SV-21802r5_rule VVoIP 6200 HIGH The data network boundary must block all traffic destined to or sourced from VVoIP VLAN IP address space and VLANs except specifically permitted media and signaling traffic. The typical data firewall does not adequately protect the enclave when permitting VVoIP to traverse the boundary. Furthermore, a data firewall breaks VVoIP call completion when implementing NAT. NAT is no longer a security requirement. To properly protect the enclave when implementing VVoIP across the boundary, there are a specific set of processes and protections required, referred to as the VVoIP firewall function. These are separate from the data firewall processes and protections. The data firewall function plays a part in the protection of the VVoIP sub-enclave within the LAN, while the VVoIP firewall function protects the entire enclave while permitting the VVoIP system to function properly.

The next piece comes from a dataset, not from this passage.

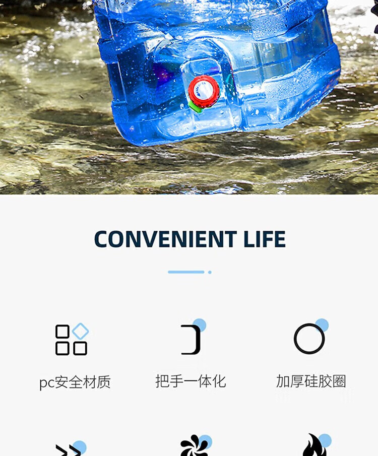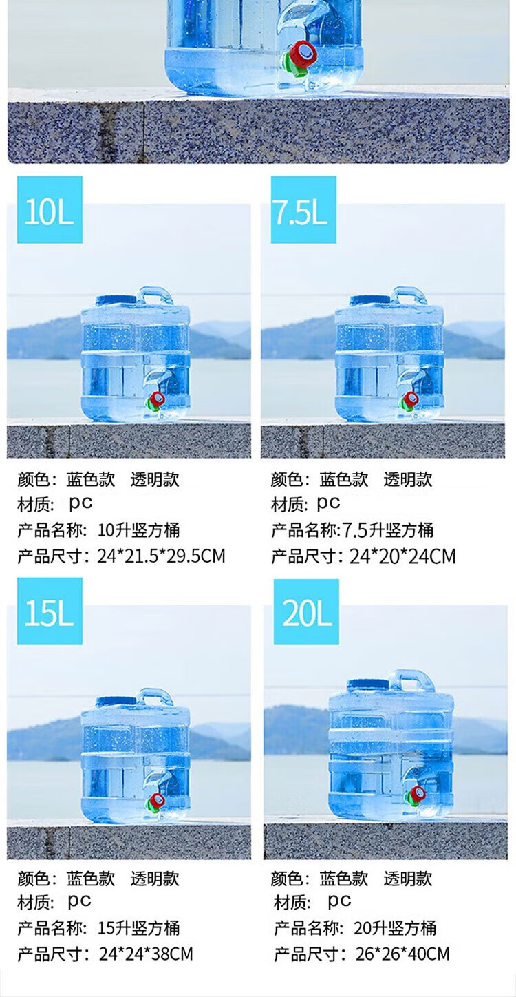 Kangzhiban pure water bottled water drinking water large barrel mineral water barrel portable plastic large-diameter outdoor water storage barrel with faucet 20 liter pc outdoor barrel with faucet + water pipe

SV-21803r4_rule VVoIP 6205 MEDIUM The Customer Edge Router (CE-R) must expedite forwarding of VVoIP packets based on Differential Service Code Point (DSCP) packet marking. The typical perimeter or premise router may not be capable of supporting the needs of VVoIP and UC when entering the DISN WAN. Modern routers are capable of dealing with service classes and expedited forwarding. This why the DISN IPVS PMO specifies the specific additional capabilities required of the perimeter or premise router to support the needs of the Assures Service network. The router designated by the DISN IPVS PMO needed to support the service is the CE-R. The CE-R provides the following functionality: - Provides minimally four forwarding cues (eight preferred) - Places traffic within expedited forwarding cues based on the DSCP markings carried by the traffic. - Routes inbound AS-SIP-TLS packets and SRTP/SRTCP packets to the Session Border Controller (SBC). - Routes SIP and SRTP traffic encapsulated on port 443 to the SBC. - Routes all other inbound traffic to the data firewall. - Provides all of the filtering required of a perimeter or premise router as required by the Router STIG. Proper DSCP marking of VVoIP packets is required to provide appropriate QoS for Command and Control (C2) priority calls in support of Assured Service.
SV-21804r4_rule VVoIP 6210 MEDIUM The Customer Edge Router (CE-R) must route all inbound traffic to the data firewall function except SIP, AS-SIP, and SRTP/SRTCP, which must route to the Session Border Controller (SBC). The CE-R is the first line of defense at the gateway to the enclave or LAN. The data firewall and SBC functions are the second line of defense. Since the SBC function only processes VVoIP traffic in the form of SIP, AS-SIP, and SRTP/SRTCP packets, the CE-R should only forward these packets to the SBC, including SIP and SRTP traffic encapsulated on port 443. All other traffic must be forwarded to the data firewall.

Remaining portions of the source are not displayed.